# The task:
Extract, exactly as written, each line from the start of the records below to the line containing "4. Remove cover", both ends included; drop the pictures.

BEGIN

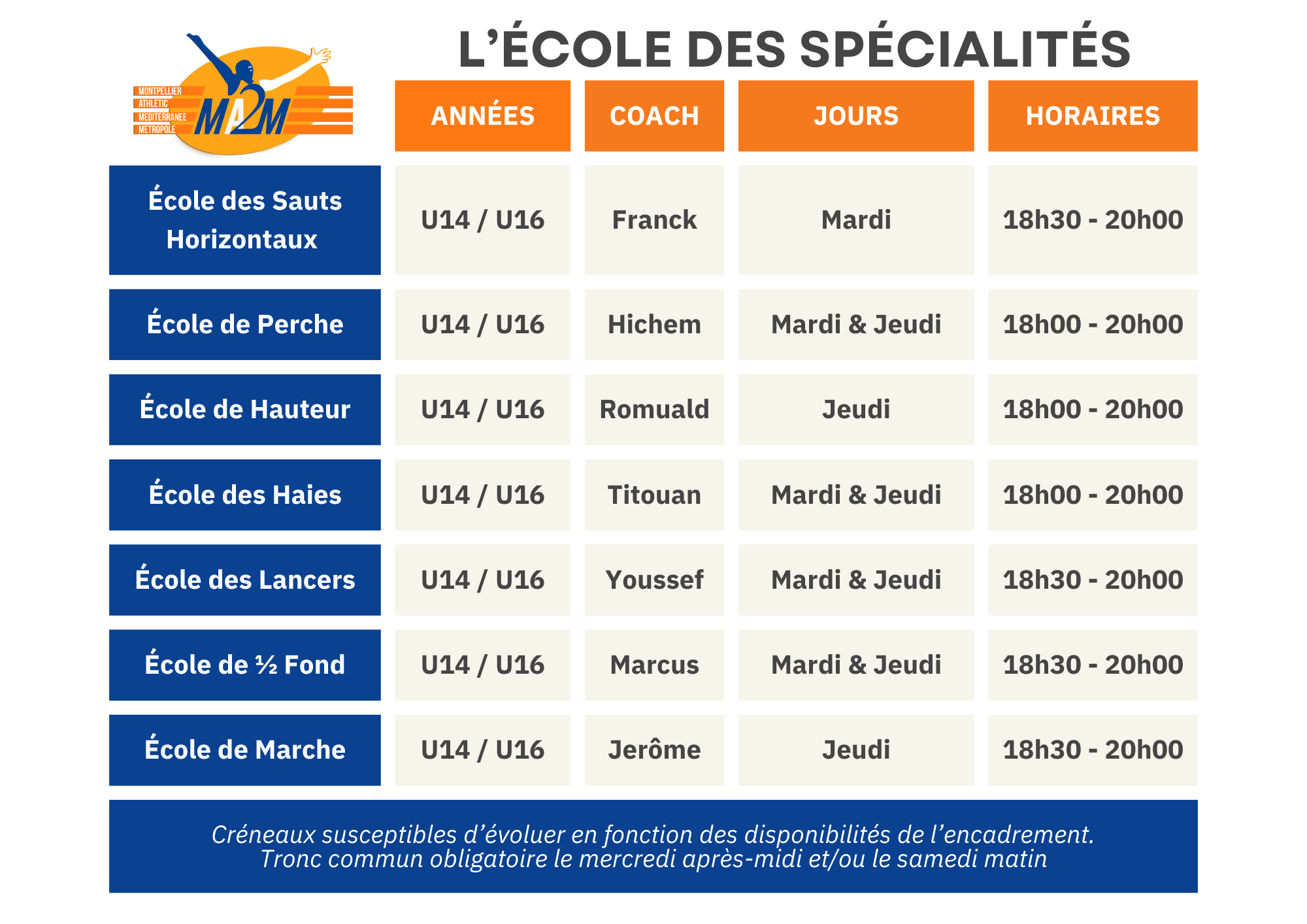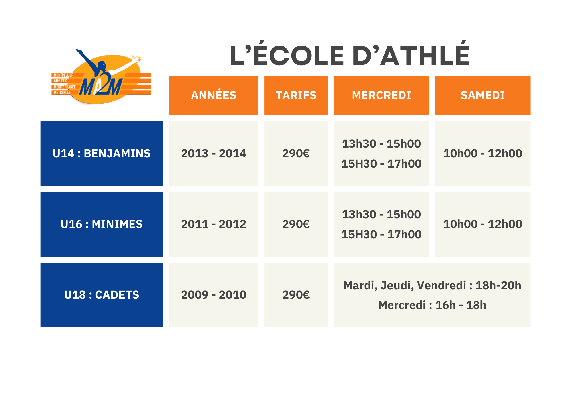 Cette saison, le MA2M travaille en partenariat avec un foyer d’accueil et deux IME (Instituts Médico-Éducatifs), permettant à près de 40 participants de s’initier aux différentes disciplines de l’athlétisme. Ces séances se tiennent au Stade Philippides, un lieu accessible et convivial, en milieu d’après-midi, de 14h à 15h, dans une atmosphère propice à l’échange et à la progression.
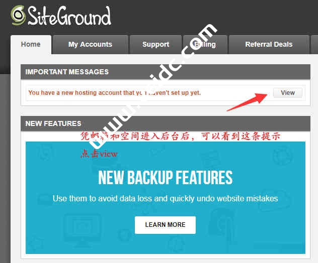 第 1 步:登录SiteGround后台,点击进入SiteGround官网
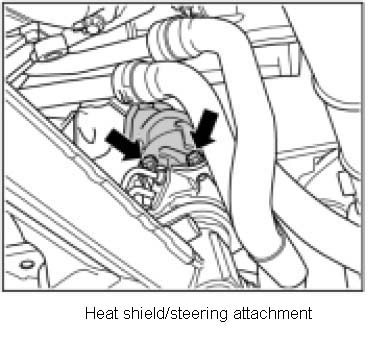 4. Remove cover for underbody (transmission protection) and heat shield from the steering -arrows-.
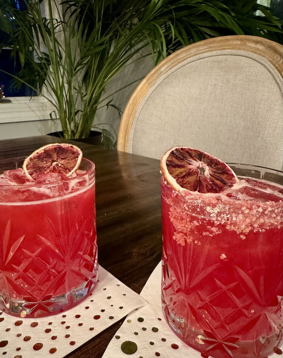 • Remove glasses from freezer and pour strained mixture over ice in glasses
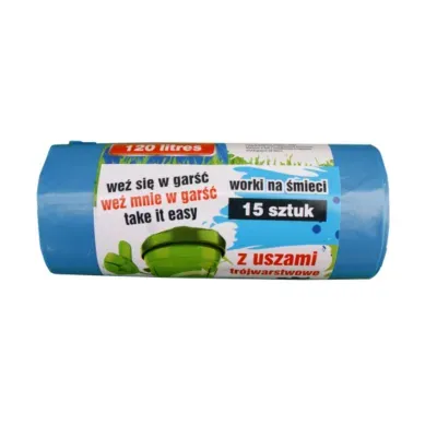 Worki na śmieci 120l z uszami niebieskie 15szt. Czyścioszek to wytrzymałe i funkcjonalne worki wykonane z grubej folii LDPE, idealne do codziennego użytku domowego oraz profesjonalnego. Dzięki praktycznym uchwytom – tzw. „uszom” – można je łatwo zawiązać, zamknąć i przenieść bez obaw o wysypanie zawartości. Ich niebieski kolor umożliwia łatwą identyfikację podczas segregacji odpadów papierowych i recyklingowych. Worki charakteryzują się odpornością na rozdarcia, przetarcia i wilgoć, co zapewnia bezpieczeństwo podczas użytkowania. Pojemność 120 litrów czyni je odpowiednimi do dużych koszy i pojemników na śmieci.
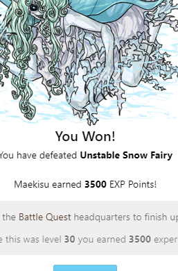 You Won! You have defeated Unstable Snow Fairy You won a(n) Impossible token to use in the battle shop! Batpod earned 3500 EXP Points! Head back to the Battle Quest headquarters to finish up this quest! Because this was level 30 you earned 3500 experience!
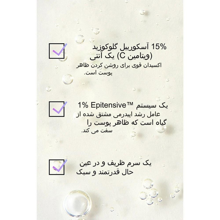 15 درصد فرمولاسیون این سرم اینکی لیست از ویتامین C یا همان گلوکوزید اکوربیل تشکیل شده است. ویتامین C یک آنتی اکسیدان قوی است و از این رو به خوبی از پوست شما در برابر آسیب های محیطی و آلودگی محافظت می کند. این ویتامین نقش بسیار زیادی در روشن شدن پوست شما نیز دارد.
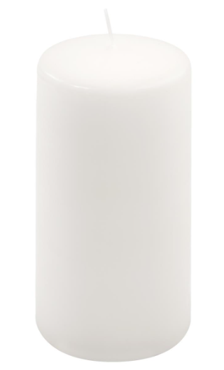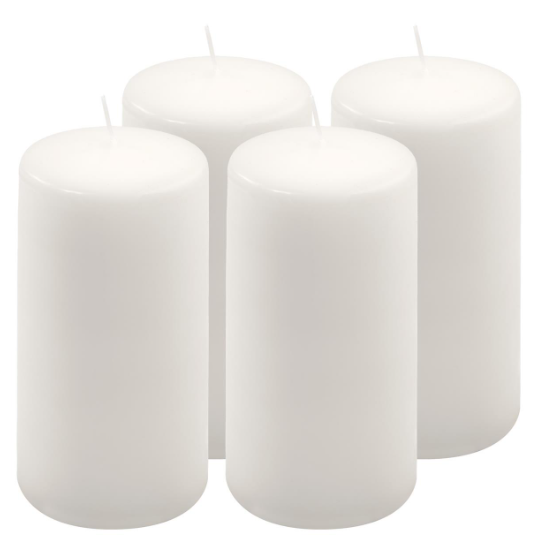 - svíčky: 4 × bílá sloupková svíčka (15 cm × Ø 7,5 cm)
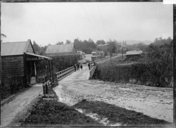 Keywords: blackandwhite monochrome outdoor black and white The township of Warkworth, circa 1910. Shows a bridge and people standing on it. Some are looking at the photographer and others are looking over the side to the falls below. The premises of Thomas Walker, saddler, are on the left in the foreground. Photograph taken by William A Price. Inscriptions: Inscribed - Photographer's title on negative -bottom left: The Bridge. Warkworth. Quantity: 1 b&w original negative(s). Physical Description: Dry plate glass negative 4.75 x 6.5 inches The bridge at Warkworth. Price, William Archer, 1866-1948 :Collection of post card negatives. Ref: 1/2-001799-G. Alexander Turnbull Library, Wellington, New Zealand. natlib.govt.nz/records/22778800 The township of Warkworth, circa 1910. Shows a bridge and people standing on it. Some are looking at the photographer and others are looking over the side to the falls below. The premises of Thomas Walker, saddler, are on the left in the foreground. Photograph taken by William A Price. Inscriptions: Inscribed - Photographer's title on negative -bottom left: The Bridge. Warkworth. Quantity: 1 b&w original negative(s). Physical Description: Dry plate glass negative 4.75 x 6.5 inches The bridge at Warkworth. Price, William Archer, 1866-1948 :Collection of post card negatives. Ref: 1/2-001799-G. Alexander Turnbull Library, Wellington, New Zealand. natlib.govt.nz/records/22778800 |
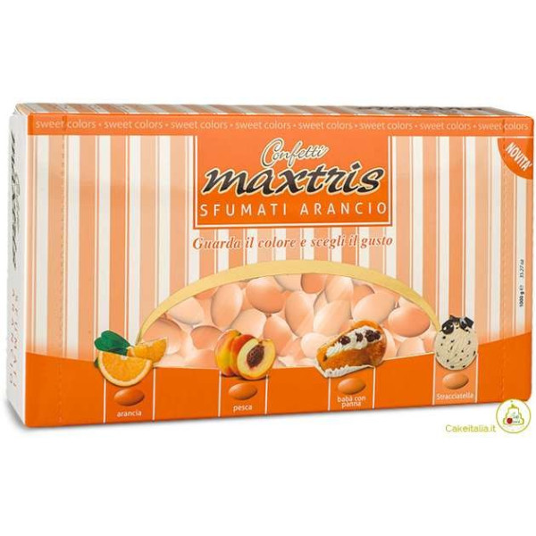 Confetti Maxtris Sfumati Arancio 1 Kg: mandorla tostata ricoperta da cioccolato bianco ai gusti assortiti (arancia, pesca, babà con panna e stracciatella) e da un sottile strato di zucchero.
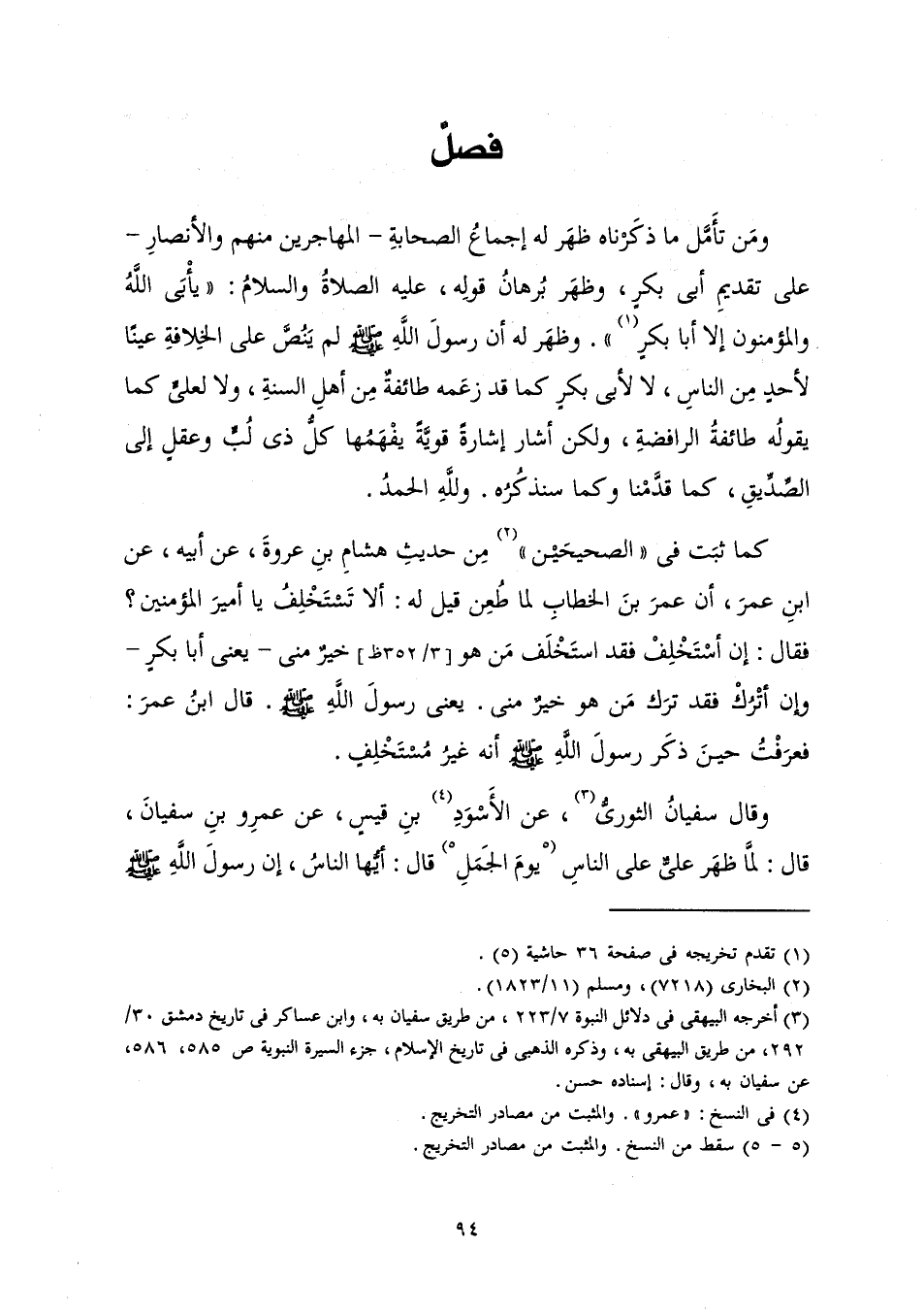 وَمَنْ تَأَمَّلَ مَا ذَكَرْنَاهُ ظَهَرَ لَهُ إِجْمَاعُ الصَّحَابَةِ - الْمُهَاجِرِينَ مِنْهُمْ وَالْأَنْصَارِ - عَلَى تَقْدِيمِ أَبِي بَكْرٍ، وَظَهَرَ بُرْهَانُ قَوْلِهِ عَلَيْهِ الصَّلَاةُ وَالسَّلَامُ: «يَأْبَى اللَّهُ وَالْمُؤْمِنُونَ إِلَّا أَبَا بَكْرٍ ".» وَظَهَرَ لَهُ أَنَّ رَسُولَ اللَّهِ صَلَّى اللَّهُ عَلَيْهِ وَسَلَّمَ لَمْ يَنُصَّ عَلَى الْخِلَافَةِ عَيْنًا لِأَحَدٍ مِنَ النَّاسِ، لَا لِأَبِي بَكْرٍ كَمَا قَدْ زَعَمَهُ طَائِفَةٌ مِنْ أَهْلِ السُّنَّةِ، وَلَا لَعَلِّي كَمَا يَقُولُهُ طَائِفَةُ الرَّافِضَةِ، وَلَكِنْ أَشَارَ إِشَارَةً قَوِيَّةً يَفْهَمُهَا كُلُّ ذِي لُبٍّ وَعَقْلٍ إِلَى الصِّدِّيقِ، كَمَا قَدَّمْنَا وَكَمَا سَنَذْكُرُهُ. وَلِلَّهِ الْحَمْدُ.

END

# Output:
 Cette saison, le MA2M travaille en partenariat avec un foyer d’accueil et deux IME (Instituts Médico-Éducatifs), permettant à près de 40 participants de s’initier aux différentes disciplines de l’athlétisme. Ces séances se tiennent au Stade Philippides, un lieu accessible et convivial, en milieu d’après-midi, de 14h à 15h, dans une atmosphère propice à l’échange et à la progression.
 第 1 步:登录SiteGround后台,点击进入SiteGround官网
 4. Remove cover for underbody (transmission protection) and heat shield from the steering -arrows-.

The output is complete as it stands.